One of the most important parts of Catholic health care ministry is the administration of Holy Communion. This much needed ministry and sacred charge is carried out by bishops, priests, and deacons who, by virtue of their ordination, serve as ordinary ministers of Holy Communion. It is also carried out by extraordinary ministers of Holy Communion who are commissioned to assist those ordinary ministers in certain circumstances. One circumstance in which the service of extraordinary ministers of Holy Communion is both necessary and of great benefit is when Holy Communion is to be administered to women and men whose health is being care for in hospitals, other health care facilities, or private homes.

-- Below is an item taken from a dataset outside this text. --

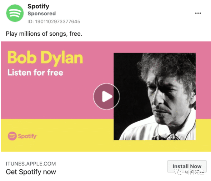 例如,表明价格优势是吸引眼球的好方法。下面的Spotify,在广告图片和文案中都使用了 "Free "一词,

All Ministers of Holy Communion, whether ordinary or extraordinary, are capable of exercising that ministry either well or poorly. To exercise their ministry well, it is necessary that they acquire and develop particular virtues. By God’s grace and by their freely chosen actions, ministers of Holy Communion can grow in the virtues by which they readily and consistently do what is good, confirm their own good character, are built up in Christian holiness, and perform their ministry with excellence. With the help of Saint Thomas Aquinas, I would like to propose some of the virtues that best characterize excellent ministers of Holy Communion.

Reverence and Adoration

According to Saint Thomas Aquinas, adoration is an exterior act of the virtue of religion, by which human beings fittingly reverence God (Summa Theologiae II-II q.84, a.1). Adoration is an exterior act of religion, meaning it has to do with the bodily actions by which reverence for God is shown.

Of course, the reverence of human beings for God has to do, first and foremost, with the interior devotion of their hearts and minds. But since human beings are composed of both soul and body, the interior dispositions of their hearts and minds are both expressed and reinforced by bodily actions. So, for example, when faithful men and women make the sign of the cross to invoke the Triune God, or kneel down to express humility, or beat their breasts to demonstrate repentance, their outward actions both express and reinforce the devotion that is in the interiority of their hearts and minds.

Those physical, bodily acts of adoration have a special importance when it comes to showing reverence for the Eucharist. For, in the Eucharist, God the Son is really present in what appears to us as a physical substance. God comes to us in physicality of a sacrament that we can see and touch and taste. Our response to God must necessarily be physical. God shows us His invisible love through the visible bread and wine. We are to respond by showing the reverence of our invisible souls through the actions of our visible bodies.

Therefore, when excellent ministers of Holy Communion approach the tabernacle to obtain or repose the Blessed Sacrament, they genuflect or bow in adoration of their Eucharistic Lord. When they walk down the street or through a hospital or nursing home, they are continually aware of the read presence of Jesus Christ whom they reverently carry on their persons. They express that reverence through bodily acts of adoration: their careful handling of the Blessed Sacrament in their administration of Holy Communion, their protection of the Body and Blood of Christ from any mistreatment, their bodily manifestation of the joy and kindness of the Lord whose ministers they are privileged to be.

Magnanimity

According to Saint Thomas, “Magnanimity by its very name denotes the stretching forth of the mind to great things,” and, “An act is simply and absolutely great when it consists in the best use of the greatest thing” (ST II-II q.129, a.1). What thing could be greater than the Sacrament in which the Incarnate God is really present? What better use could be made of that Blessed Sacrament than to administer it to God’s faithful people as Holy Communion?

Every virtue has to do with making the best use of something or acting in the best way toward someone. For example, temperance has to do with making the best use of food and drink, and justice is about treating other people in the best way. Sometimes the objects of virtuous actions are small things. A piece of chocolate can be the object of a temperate act; a dollar bill can be the object of a just act. Those actions can be great, however, due to the great virtue with which they are done. When they are done by souls infused with charity, they can even be acts of divine love.

Magnanimity, therefore, is not the greatest of the virtues. Charity is. Because the greatness of a person’s actions and character depend more on the virtue in that person’s soul than the action that person is performing. That is why Jesus said that the poor widow gave more than all the rest (Mk. 12:41-44).

Nevertheless, ministers of Holy Communion have chosen to do something truly great. They renew that magnanimous choice every time they exercise their ministry. By the grace of God, their hearts and minds “stretch forth” to the greatest of things.